»»

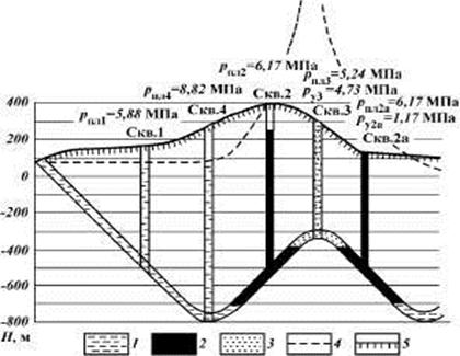 Рис. 46. Схема элизионной водонапорной системы. Условные обозначения см. на рис. 45 В зависимости от степени соответствия начального пластового давления глубине залегания пластов-коллекторов выделяют две группы залежей УВ: Ø залежи с начальным пластовым давлением, соответствующим гидростатическому давлению; Ø залежи с начальным пластовым давлением, отличающимся от гидростатического. В геолого-промысловой практике принято называть залежи первого вида залежами с нормальным пластовым давлением, второго вида — залежами с аномальным пластовым давлением. Подобное разделение следует считать условным, так как любое значение начального пластового давления связано с геологическими особенностями района и для рассматриваемых геологических условий является нормальным. Залежи с начальным пластовым давлением, соответствующим гидростатическому. Гидростатическим пластовым давлением (ГПД) называют давление в пласте-коллекторе, возникающее под действием гидростатической нагрузки вод, перемещающихся по этому пласту в сторону его регионального погружения. В водоносном пласте начальное пластовое давление считают равным гидростатическому, когда соответствующая ему пьезометрическая высота в каждой его точке примерно соответствует глубине залегания пласта. Пластовое давление, близкое к гидростатическому, характерно для инфильтрационных водонапорных систем и приуроченных к ним залежей (см. рис. 45). Инфильтрационную систему отличают следующие особенности. Она является “открытой”, т.е. сообщается с земной поверхностью в областях как разгрузки, так и питания. Область питания системы расположена гипсометрически выше области разгрузки. Природный резервуар пополняется атмосферными и поверхностными водами. Движение жидкости в пласте-коллекторе происходит в основном в соответствии с влиянием гравитационных сил в сторону регионального погружения пластов. Пьезометрическая поверхность системы условно (в предположении, что пласты содержат пресную воду плотностью 1 г/см3) представляется в виде наклонной плоскости, соединяющей области питания и разгрузки. Фактически вследствие изменчивости плотности пластовых вод в системе (обычно в пределах 1-1,25 г/см3) она имеет несколько более сложный характер. За пределами залежей нефти и газа, т.е. в основной по площади водоносной части инфильтрационных систем, значение вертикального градиента пластового давления обычно не выходит за пределы 0,008 — 0,013 МПа/м и в среднем составляет около 0,01 МПа/м. Редкие исключения могут быть обусловлены весьма резким различием абсолютных отметок устьев скважин и пьезометрической поверхности. В инфильтрационных водонапорных системах начальное пластовое давление возрастает практически пропорционально увеличению глубины залегания водоносных пластов-коллекторов. Его значения всегда намного ниже значений геостатического давления, т.е. давления на пласт массы вышележащей толщи пород. Это иллюстрируется рис. 47. Инфильтрационные водонапорные системы наиболее характерны для древних платформ. В пределах нефтегазовых залежей значения начального пластового давления и статических уровней превышают значения этих показателей в водоносной части пласта при тех же абсолютных отметках залегания пластов. Величина превышения зависит от степени различий плотности 
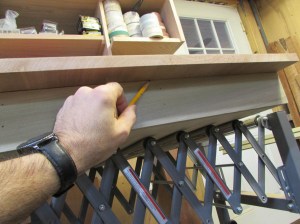 One more thing before I finish up for the night. The vertical board for the cross is supposed to only be 3″ wide and it is currently 6″. The only place that is supposed to be that wide is around the symbol. I set the table saw fence to remove the 1-1/2″ from each side. I also marked the edge of the saw blade, on the fence, so I don’t cut too far.
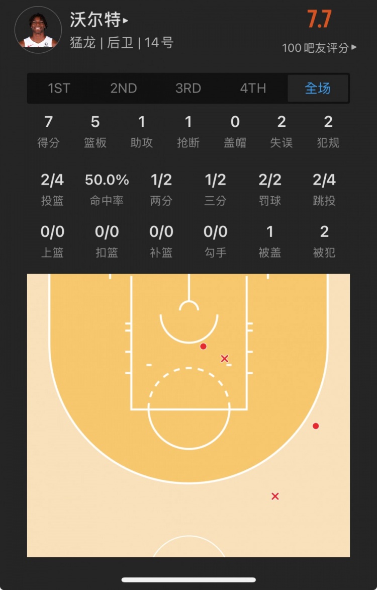 猛龍19號(hào)秀 賈科比-沃爾特 登場(chǎng)30.8分鐘
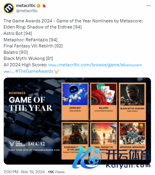 此前咱们曾报说念过,在今年度TGA游戏奖中《:悟空》被提名年度游戏大奖!而《黑听说》是年度游戏名单中M站评分最低的游戏,仅为81分,其他游戏齐在90分以上。近日外媒TheGamer发文称“《黑听说》评分太低不配年度提名”开云体育(中国)官方网站,激励网友们热议。 ![]() 文中暗示,许多东说念主对《寂寥岭2 重制版》、《地狱行者2》和《如龙8》等东说念主气游戏未能入选感到不悦。淌若要从现存名单中删除一款游戏的话,除了《黄金树幽影》这个DLC之外,《黑听说》亦然不值得入选的游戏之一。因为它施行上是有史以来取得年度最好游戏提名的游戏中评分最低的作品。 ![]() 此外著作中还提到,TheGamer以为《黑听说》省略上榜的原因只是是因为它冲破了Steam的销售记载:“销量并不是预计游戏质地的模范,否则《生化危境5》即是系列中最出色的作品,但咱们齐知说念事实并非如斯。” 不少推特网友齐怒喷TheGamer的不雅点,甚而有东说念主暗示:“他们接下来是不是要写一篇著作来阐发一下为什么《星鸣特攻》值得取得提名了?” ![]() ![]()
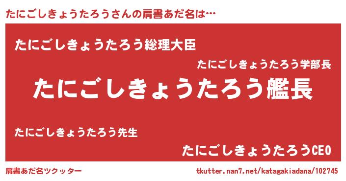 | 男性向けラノベタイトル風あだ名 | 『緋弾のタニゴシキョウタロウ』 |
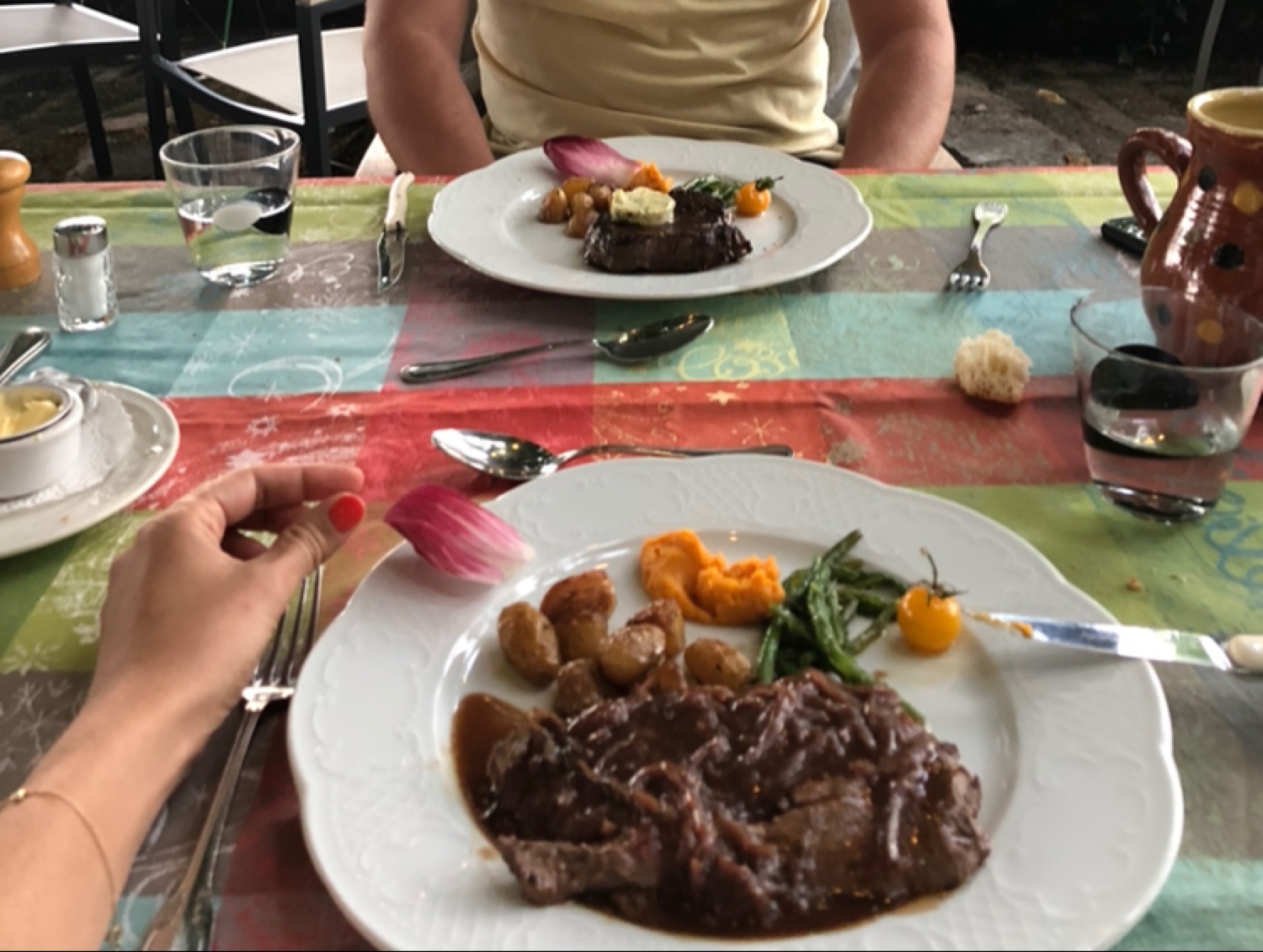 La viande était excellente, l'endroit est très charmant, très calme avec une belle vue. La terrasse est bien aussi.
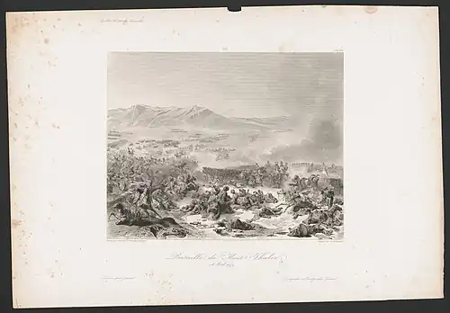 - Bataille du Mont-Thabor, , gravure d'après les tableaux de Léon Cogniet et Henri Félix Emmanuel Philippoteaux, ainsi que le dessin d'Édouard Girardet[9].
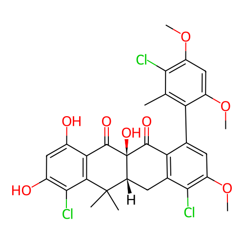 | SMILES | COC1=C(Cl)C(C)=C(C2=CC(OC)=C(Cl)C3=C2C(=O)[C@@]2(O)C(=O)C4=C(C(Cl)=C(O)C=C4O)C(C)(C)[C@H]2C3)C(OC)=C1 |

««

What you should do:
Reproduce all of the entries exactly as they appear, though any picture they include must be omitted.

Written solution:
 Рис. 46. Схема элизионной водонапорной системы. Условные обозначения см. на рис. 45 В зависимости от степени соответствия начального пластового давления глубине залегания пластов-коллекторов выделяют две группы залежей УВ: Ø залежи с начальным пластовым давлением, соответствующим гидростатическому давлению; Ø залежи с начальным пластовым давлением, отличающимся от гидростатического. В геолого-промысловой практике принято называть залежи первого вида залежами с нормальным пластовым давлением, второго вида — залежами с аномальным пластовым давлением. Подобное разделение следует считать условным, так как любое значение начального пластового давления связано с геологическими особенностями района и для рассматриваемых геологических условий является нормальным. Залежи с начальным пластовым давлением, соответствующим гидростатическому. Гидростатическим пластовым давлением (ГПД) называют давление в пласте-коллекторе, возникающее под действием гидростатической нагрузки вод, перемещающихся по этому пласту в сторону его регионального погружения. В водоносном пласте начальное пластовое давление считают равным гидростатическому, когда соответствующая ему пьезометрическая высота в каждой его точке примерно соответствует глубине залегания пласта. Пластовое давление, близкое к гидростатическому, характерно для инфильтрационных водонапорных систем и приуроченных к ним залежей (см. рис. 45). Инфильтрационную систему отличают следующие особенности. Она является “открытой”, т.е. сообщается с земной поверхностью в областях как разгрузки, так и питания. Область питания системы расположена гипсометрически выше области разгрузки. Природный резервуар пополняется атмосферными и поверхностными водами. Движение жидкости в пласте-коллекторе происходит в основном в соответствии с влиянием гравитационных сил в сторону регионального погружения пластов. Пьезометрическая поверхность системы условно (в предположении, что пласты содержат пресную воду плотностью 1 г/см3) представляется в виде наклонной плоскости, соединяющей области питания и разгрузки. Фактически вследствие изменчивости плотности пластовых вод в системе (обычно в пределах 1-1,25 г/см3) она имеет несколько более сложный характер. За пределами залежей нефти и газа, т.е. в основной по площади водоносной части инфильтрационных систем, значение вертикального градиента пластового давления обычно не выходит за пределы 0,008 — 0,013 МПа/м и в среднем составляет около 0,01 МПа/м. Редкие исключения могут быть обусловлены весьма резким различием абсолютных отметок устьев скважин и пьезометрической поверхности. В инфильтрационных водонапорных системах начальное пластовое давление возрастает практически пропорционально увеличению глубины залегания водоносных пластов-коллекторов. Его значения всегда намного ниже значений геостатического давления, т.е. давления на пласт массы вышележащей толщи пород. Это иллюстрируется рис. 47. Инфильтрационные водонапорные системы наиболее характерны для древних платформ. В пределах нефтегазовых залежей значения начального пластового давления и статических уровней превышают значения этих показателей в водоносной части пласта при тех же абсолютных отметках залегания пластов. Величина превышения зависит от степени различий плотности 
 One more thing before I finish up for the night. The vertical board for the cross is supposed to only be 3″ wide and it is currently 6″. The only place that is supposed to be that wide is around the symbol. I set the table saw fence to remove the 1-1/2″ from each side. I also marked the edge of the saw blade, on the fence, so I don’t cut too far.
 猛龍19號(hào)秀 賈科比-沃爾特 登場(chǎng)30.8分鐘
 此前咱们曾报说念过,在今年度TGA游戏奖中《:悟空》被提名年度游戏大奖!而《黑听说》是年度游戏名单中M站评分最低的游戏,仅为81分,其他游戏齐在90分以上。近日外媒TheGamer发文称“《黑听说》评分太低不配年度提名”开云体育(中国)官方网站,激励网友们热议。 ![]() 文中暗示,许多东说念主对《寂寥岭2 重制版》、《地狱行者2》和《如龙8》等东说念主气游戏未能入选感到不悦。淌若要从现存名单中删除一款游戏的话,除了《黄金树幽影》这个DLC之外,《黑听说》亦然不值得入选的游戏之一。因为它施行上是有史以来取得年度最好游戏提名的游戏中评分最低的作品。 ![]() 此外著作中还提到,TheGamer以为《黑听说》省略上榜的原因只是是因为它冲破了Steam的销售记载:“销量并不是预计游戏质地的模范,否则《生化危境5》即是系列中最出色的作品,但咱们齐知说念事实并非如斯。” 不少推特网友齐怒喷TheGamer的不雅点,甚而有东说念主暗示:“他们接下来是不是要写一篇著作来阐发一下为什么《星鸣特攻》值得取得提名了?” ![]() ![]()
 | 男性向けラノベタイトル風あだ名 | 『緋弾のタニゴシキョウタロウ』 |
 La viande était excellente, l'endroit est très charmant, très calme avec une belle vue. La terrasse est bien aussi.
 - Bataille du Mont-Thabor, , gravure d'après les tableaux de Léon Cogniet et Henri Félix Emmanuel Philippoteaux, ainsi que le dessin d'Édouard Girardet[9].
 | SMILES | COC1=C(Cl)C(C)=C(C2=CC(OC)=C(Cl)C3=C2C(=O)[C@@]2(O)C(=O)C4=C(C(Cl)=C(O)C=C4O)C(C)(C)[C@H]2C3)C(OC)=C1 |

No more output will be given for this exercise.